Patterns of Emotion
Hi Team. The S&P 500 hit one record high after another this year and is heading to a 25% gain in 2024, marking the strongest consecutive annual performance since the late 1990s dot-com era.
Let’s review last week’s highlights and discuss what’s ahead as we head into the final week of the year!
Impact Snapshot
New Year’s Holiday - Wednesday
Unemployment Claims - Thursday
ISM Manufacturing PMI - Friday
Macro Viewpoint
The S&P 500 managed to sidestep a third consecutive weekly decline, gaining 0.7% and boosting its year-to-date increase to 25% with just two trading sessions left in 2024.
Friday saw a pullback in stocks due to profit-taking and uncertainty over how markets might perform in January.
Holiday retail sales exceeded expectations, outpacing last year’s growth rate and highlighting consumer resilience.

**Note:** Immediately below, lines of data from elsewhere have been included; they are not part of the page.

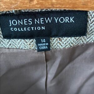 Elevate your wardrobe with this elegant tan jacket from Jones New York. Perfect for any occasion, this jacket offers a sophisticated look with its classic design and neutral color.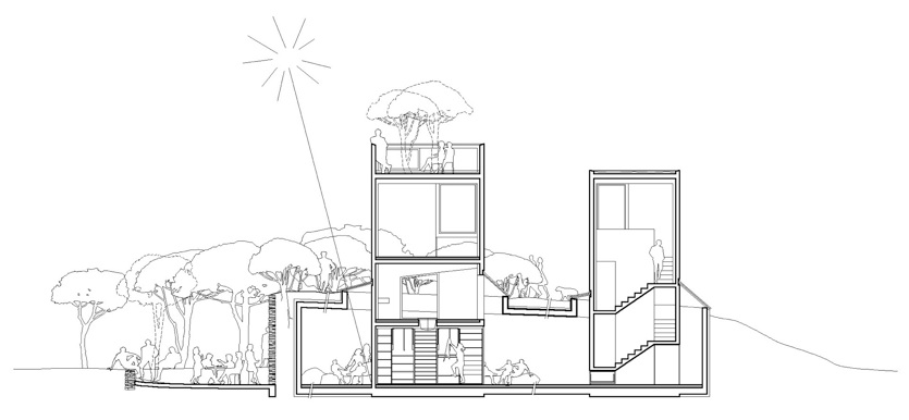 A belső terek számomra nagyon kietlenek és ridegek, a nappali helyiségek a föld alatt vannak. Ez már nekem is túl minimál, úgyhogy nem is teszek ide róla képeket, csak ezt a kettőt. Itt azért megnézhetitek, ha kiváncsiak vagytok rá, milyen a ház belülről.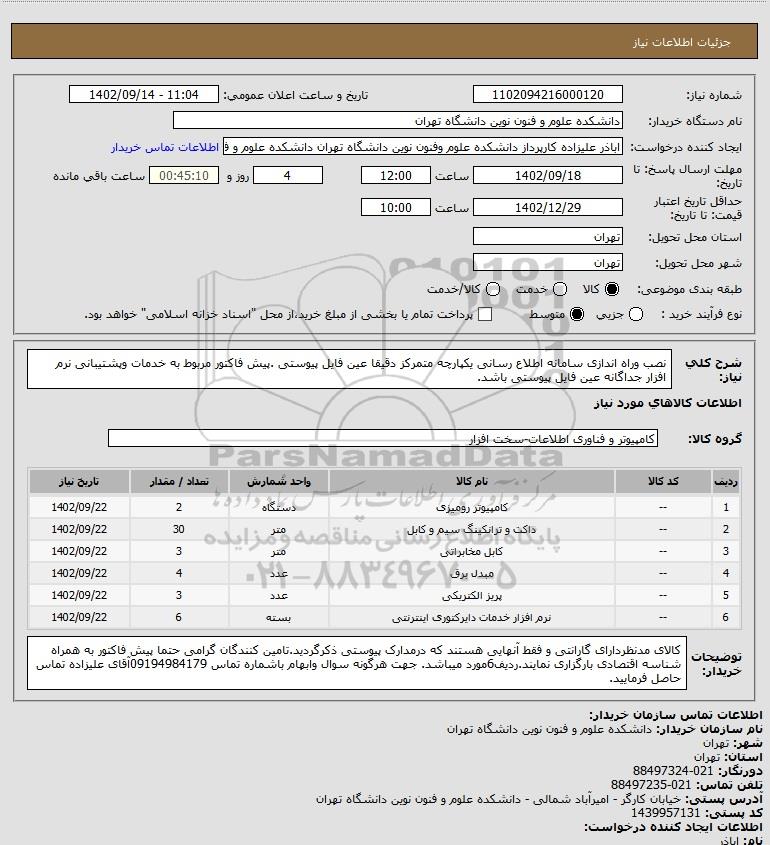 نام دستگاه خریدار:دانشکده علوم و فنون نوین دانشگاه تهران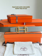 HM Gold Buckle 32mm Royal Belt Gray Brown Leather 188423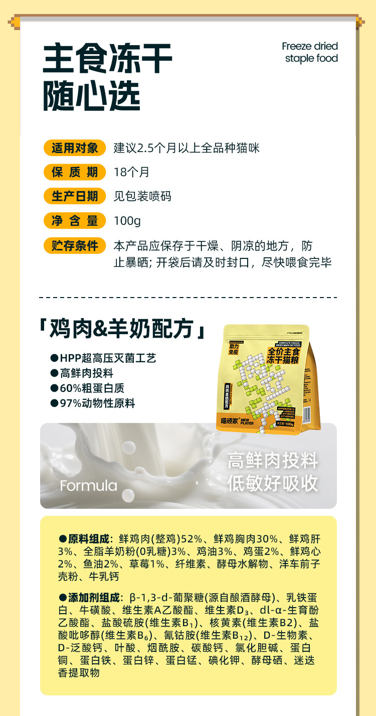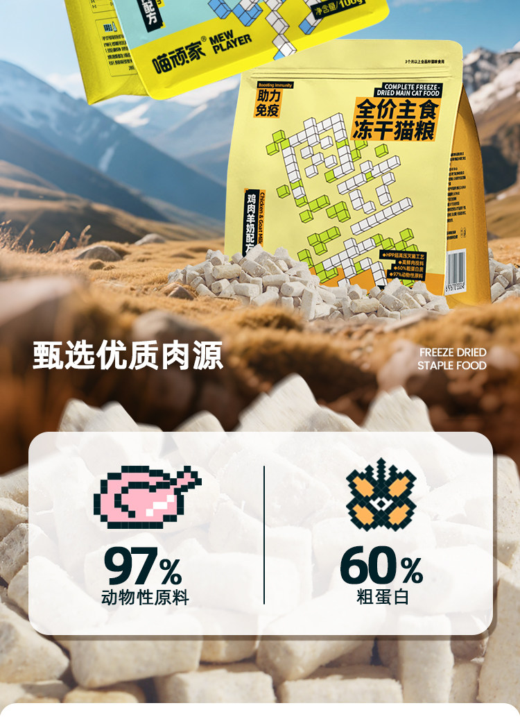 喵顽家 主食鲜肉冻干 肉立方 全价无谷猫粮 主粮 高蛋白 营养均衡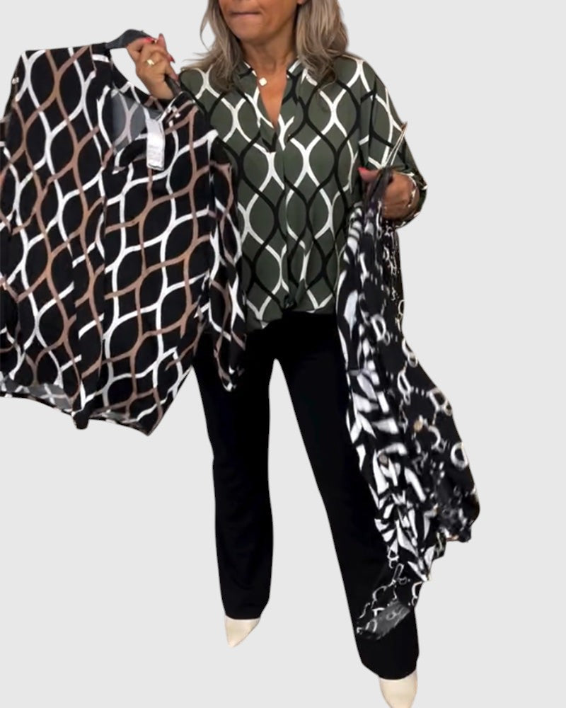 Noor – Grafikus mintás blúz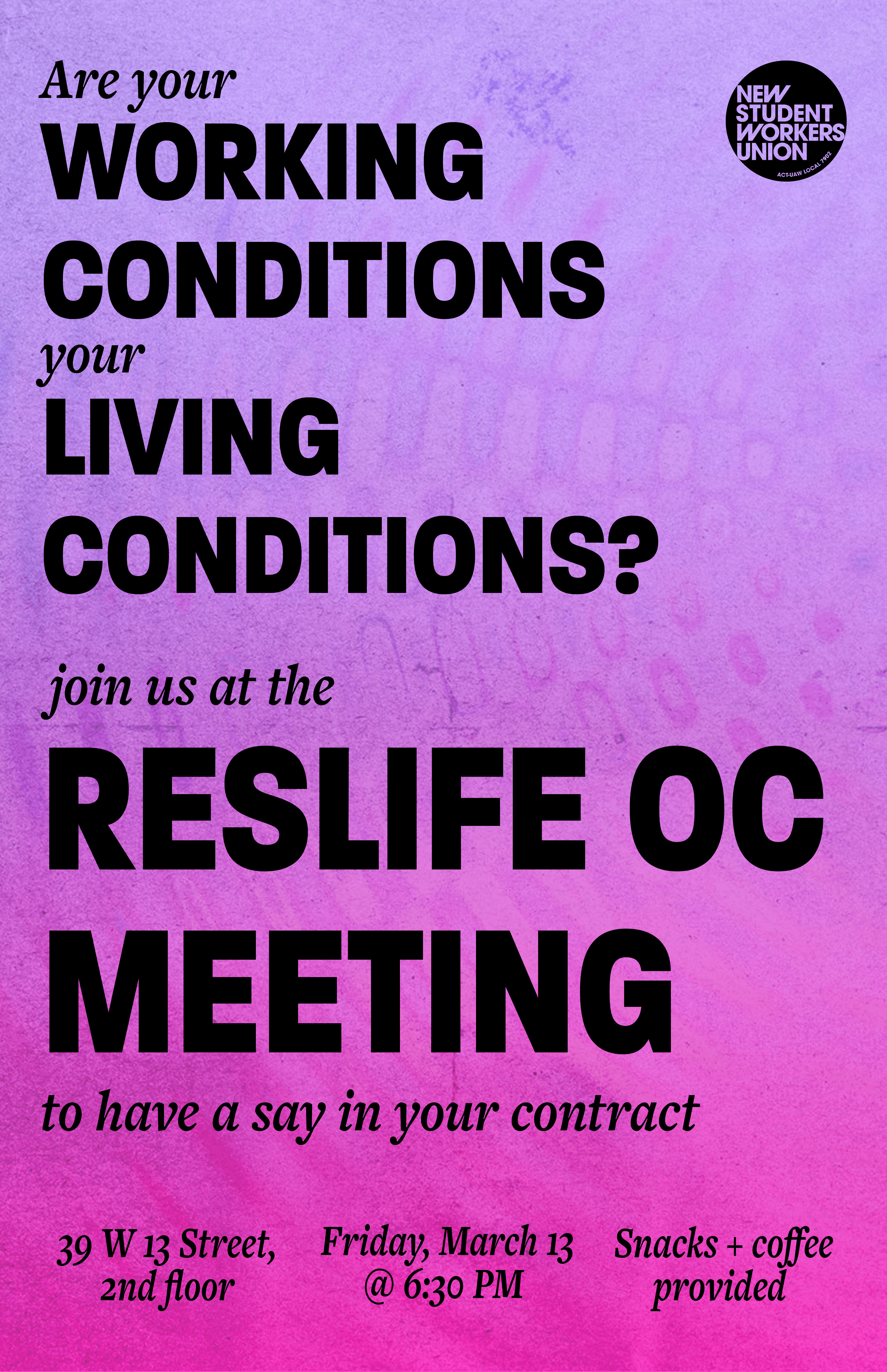 Flyer for New Student Workers Union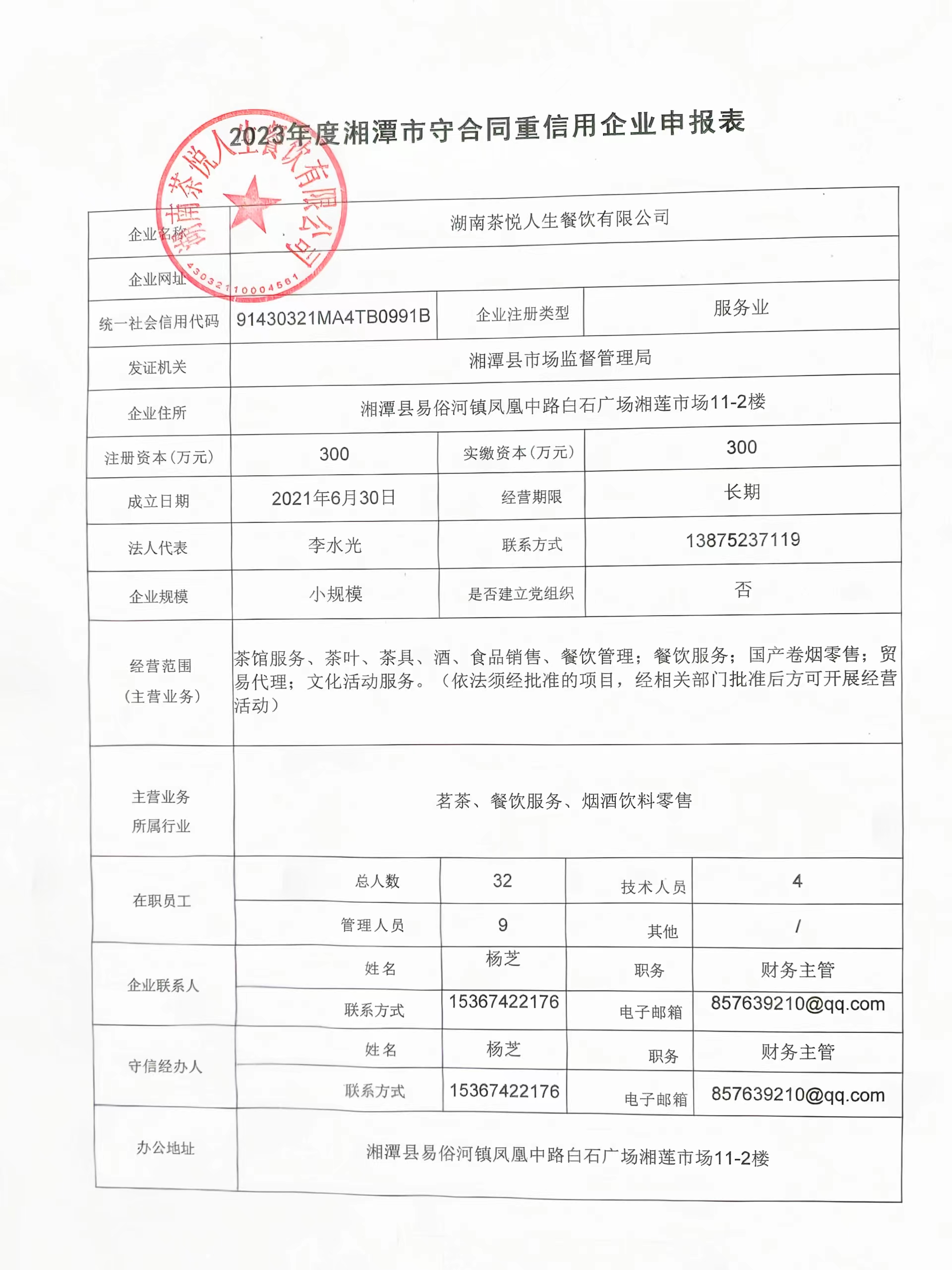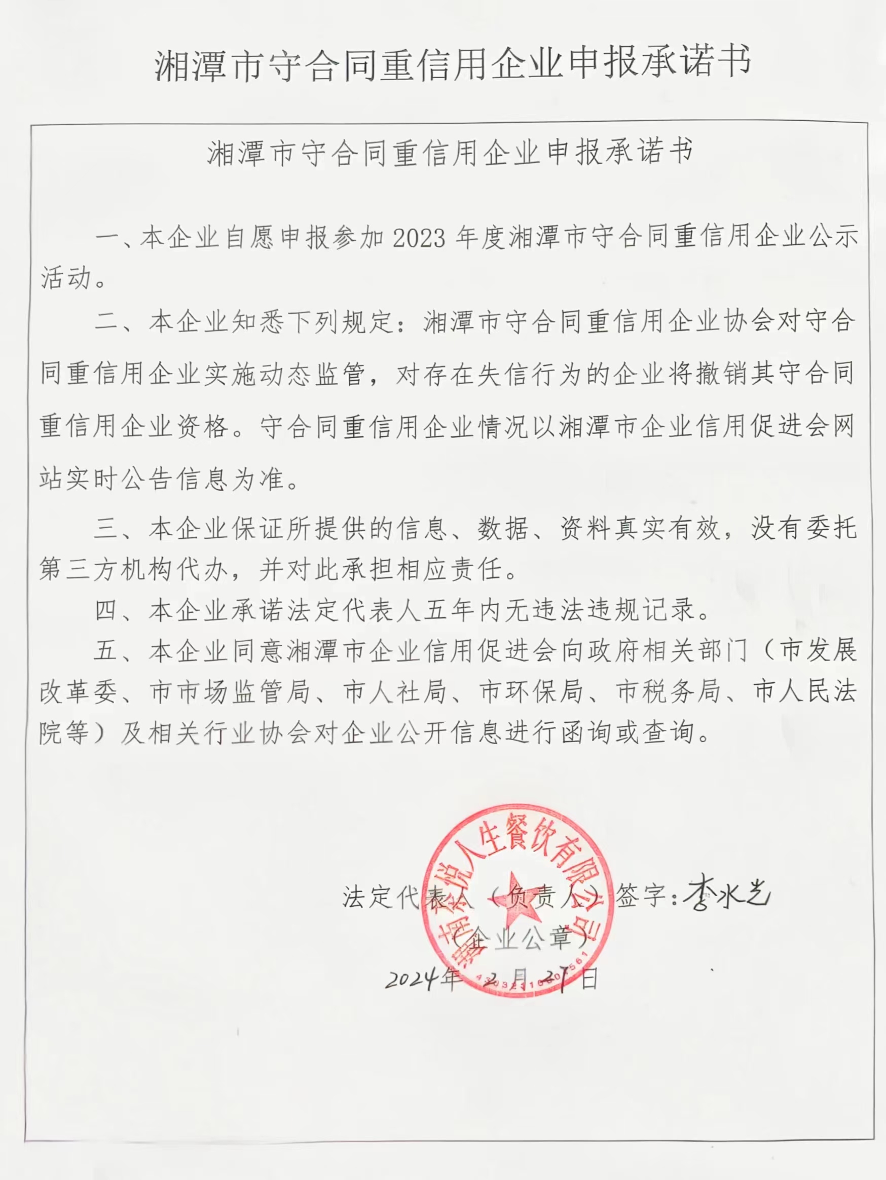 本企業(yè)根據(jù)《湘潭市守合同重信用企業(yè)申報規(guī)定》等編制 2023 年度企業(yè)信用報告書,并保證本報告書內(nèi)容真實(shí)、準(zhǔn)確、完整。

Investors will gain new insights into the U.S. economy's health when the monthly employment report is released on Jan. 10.
The market’s momentum will face further scrutiny as U.S. companies begin reporting fourth-quarter earnings shortly thereafter.
Next week's economic calendar will feature the Institute for Supply Management and S&P Global's US manufacturing sector data for December. Markets will be closed Wednesday for New Year's Day.
Emotion-Driven Trades
The following article highlights how correlated markets are to human emotions and how this is communicated through the charts.
When the market breaks away, it will leave a series of single prints. That’s when a single letter is printed on a market profile. (Unfilled single print areas are in gray.)
During our market report on the 19th, right after the extreme emotional FOMC break, we highlighted— as shown in the attached picture above— that it would be highly unusual for the market not to return and fill those areas in.
For the next five trading sessions, the market did nothing but follow the exact quote we shared, with buyers finding a massive opportunity to retrace the entire move—over 200 points— all the way back to fill those single prints.
A trader who is confident that the market is under- or overvalued is more likely to take a position and hold it than a trader who is uncertain about value.
A significant number of single prints indicates an emotional market and uncertainty. Markets truly communicate human emotions. Since markets are comprised of people, it stands to reason that they reflect human behaviour patterns.
Think about it—when we are emotionally affected, we don’t quite make our best decisions, right?